:: RECORDS
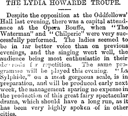 THE LYDIA HOWARDS TROUPE. Despite the opposition at the Oddfellows’ Hall last evening, there was a capital attendance at the Opera Bouffe, when “The Waterman” and “ Chilperic” were very successfully performed. The ladies seemed to be in lar better voice than on previous evenings, and the singing went well, the audience being most enthusiastic in their dc- rods f r repetition. The same programme will be played this evening. “La Sylphidc,” on a most gorgeous scale, is in preparation, and will be produced early next week, the management sparing no expense in the production of this great fairy spectacular drama, which should have a long run, as it has been very highly spoken of in other cities.
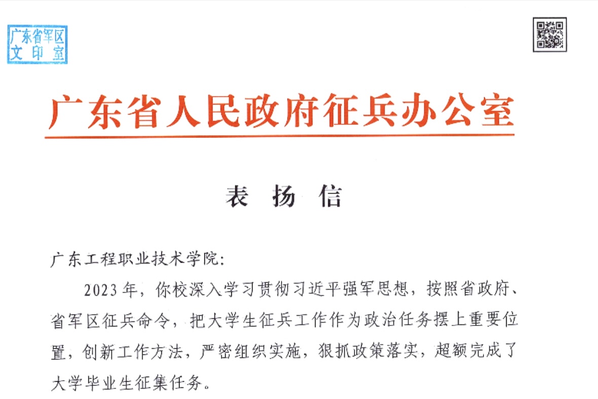 近日,学校收到省教育厅和省人民政府征兵办公室发来的表扬信,对我校征兵工作给予了高度肯定。信中写道:你校深入贯彻习近平强军思想,按照省政府、省军区征兵命令,把大学生征兵工作作为政治任务摆上重要位置,创新工作方法,严密组织实施,狠抓政策落实,超额完成了大学毕业生征集任务。
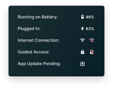 • - Whether the device is securely locked down to prevent misuse, using Guided Access on iOS or the Avius Launcher on Android.
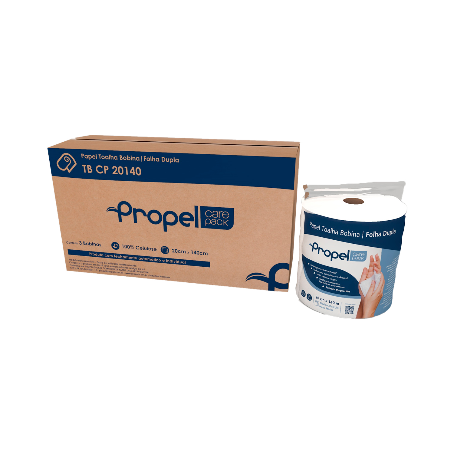 Especificações: - Referência: TB CP 20140 - Medidas (C x A): 140 metros x 20cm - Gramatura: 40 g/m² - Cor: Branco - Tipo: Folha Dupla - Modelo: Care Pack - Composição: 100% celulose virgem - Embalagem: 01 caixa com 3 bobinas de papel toalha."
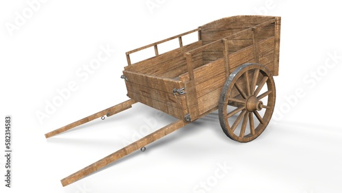 Old wooden cart isolated on white background 3d-rendering
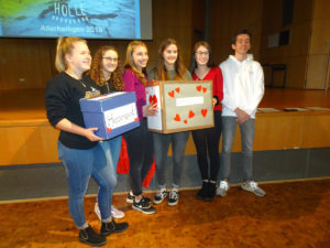 Da Antonia jetzt nicht mehr an der Schule ist, hat die Klasse 9d die Verantwortung für die „Herzenspost“ an unserer Schule übernommen. Dazu haben sie einen Briefkasten gebastelt, der nun bei den elektronischen Vertretungsplänen steht. Daneben steht ein zweiter Karton bereit, in dem Papier und Karten zur Verfügung gestellt werden. „Es wäre schön“, bitten die Schülerinnen und Schüler, „wenn ihr zuhause nachschauen könntet, ob ihr noch Papier oder Karten habt, die ihr nicht mehr braucht. Diese könnt ihr dann als Spende in den Karton legen, damit immer genug für alle da ist.“
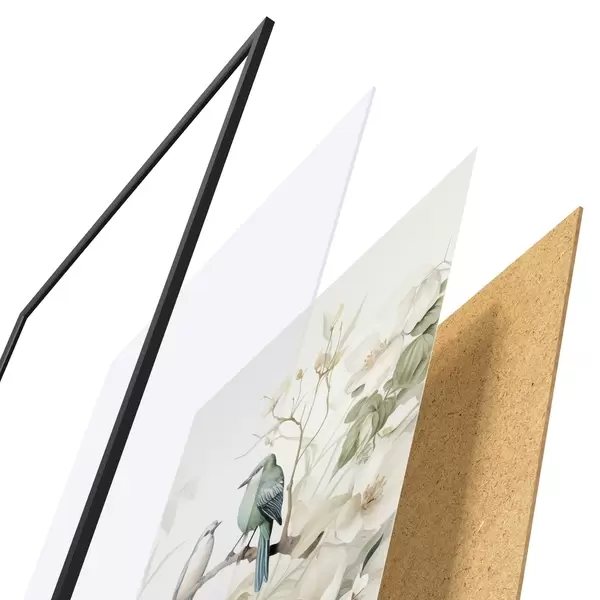 Plakāts sastāv no rāmja, pleksstikla, iespiestā attēla un skaidu plātnes pamatnes. Plakātu var uzreiz piekarināt pie sienas, pateicoties aizmugurē esošajiem stiprinājumiem.
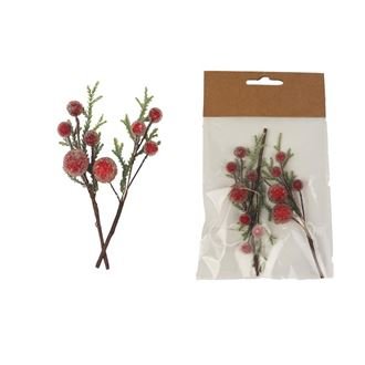 Dekorační větvička.Balení obsahuje 3 větvičky.Rozměry : 3 x 2 cm, délka 11 cm.Barva : kombinace hnědá, červená, zelená.Materiál : plast. prečítať celé
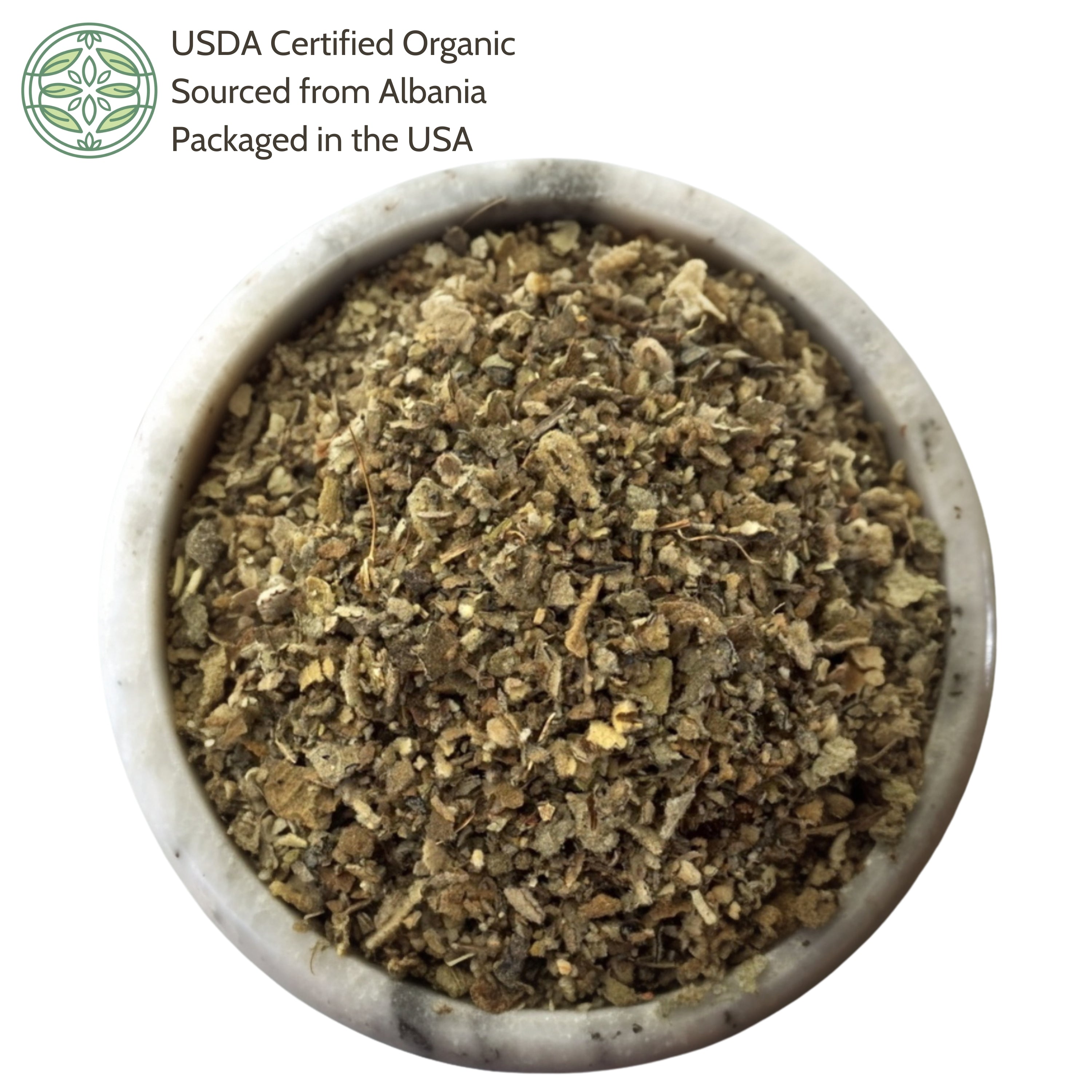 Albania Origin: Soft, silvery-green, and herbaceous with a gentle, soothing aroma, our mullein is sustainably and organically harvested from the fertile hillsides of Albania.
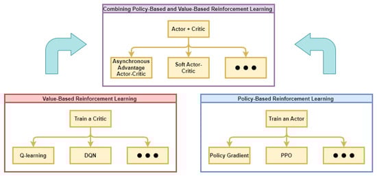 From the optimization direction, reinforcement learning can be classified into three main categories: algorithms based on value optimization [104], algorithms based on policy optimization [105], and algorithms combining value optimization and policy optimization [106]. Typical value-optimization algorithms are Q-learning and SARSA, and typical policy-optimization algorithms are TRPO (trust region policy optimization) and PPO (proximal policy optimization). The current research trend of algorithms combining value optimization and policy optimization is mainly based on the actor–critic (AC) method for improved optimization (the actor models the policy and the critic models the value function). These classifications stem from the classic textbooks in the field of reinforcement learning [107]. They represent two distinct approaches to thinking about and solving problems in reinforcement learning.
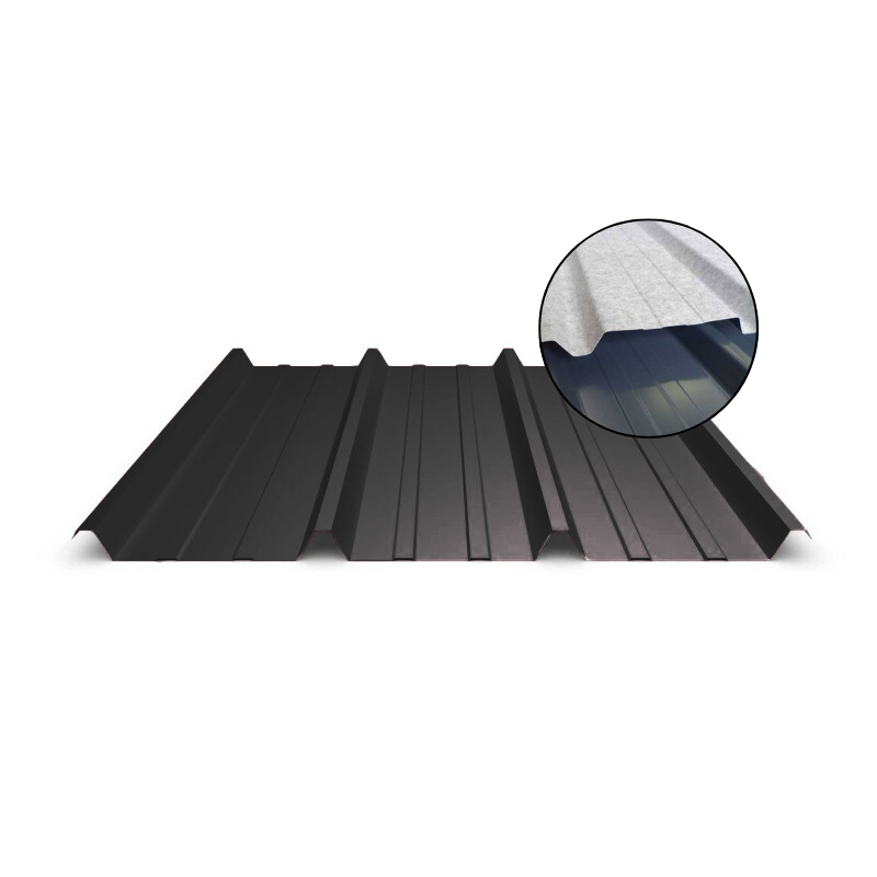 Le Bac Acier 3.45.1000 63/100 RAL 9005 + Régulateur Condensation est idéal pour la réalisation de toiture froide pour des locaux non chauffés. Grâce à sa feutrine, il permet de réguler la condensation sur vos toitures.
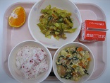 今日は甘酸っぱい味のすぶたとあっさり味のはるさめスープの組み合わせで、おいしかったです。すぶたは苦手な子が多いイメージの料理ですが、門前東小の子は、大好きだよ!と言っている1年生もいて誰も残す人はいませんでした
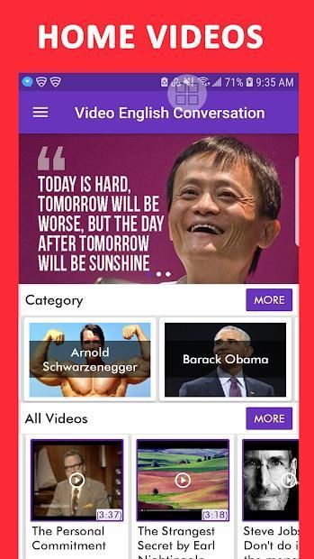 Video English Conversation adalah aplikasi untuk belajar bahasa Inggris melalui video dengan lebih dari 1000 video dan 20 kategori yang akan membantu Anda meningkatkan bahasa Inggris Anda setiap hari
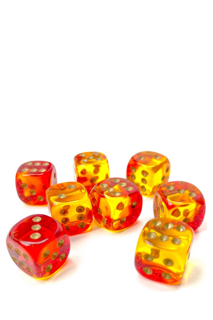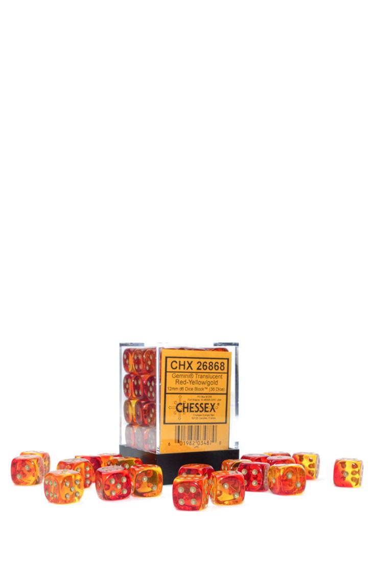 Produktspezifikationen zu 36er-Pack 12mm D6 Würfel - Gemini Translucent Red-Yellow / Gold von Chessex:
::::
→ TO DO:
Copy nothing but the lines from the first one in the listing through the line with "Old wooden cart", and omit the pictures.

→ SOLUTION TO THIS EXERCISE:
 THE LYDIA HOWARDS TROUPE. Despite the opposition at the Oddfellows’ Hall last evening, there was a capital attendance at the Opera Bouffe, when “The Waterman” and “ Chilperic” were very successfully performed. The ladies seemed to be in lar better voice than on previous evenings, and the singing went well, the audience being most enthusiastic in their dc- rods f r repetition. The same programme will be played this evening. “La Sylphidc,” on a most gorgeous scale, is in preparation, and will be produced early next week, the management sparing no expense in the production of this great fairy spectacular drama, which should have a long run, as it has been very highly spoken of in other cities.
 近日,学校收到省教育厅和省人民政府征兵办公室发来的表扬信,对我校征兵工作给予了高度肯定。信中写道:你校深入贯彻习近平强军思想,按照省政府、省军区征兵命令,把大学生征兵工作作为政治任务摆上重要位置,创新工作方法,严密组织实施,狠抓政策落实,超额完成了大学毕业生征集任务。
 • - Whether the device is securely locked down to prevent misuse, using Guided Access on iOS or the Avius Launcher on Android.
 Especificações: - Referência: TB CP 20140 - Medidas (C x A): 140 metros x 20cm - Gramatura: 40 g/m² - Cor: Branco - Tipo: Folha Dupla - Modelo: Care Pack - Composição: 100% celulose virgem - Embalagem: 01 caixa com 3 bobinas de papel toalha."
 Old wooden cart isolated on white background 3d-rendering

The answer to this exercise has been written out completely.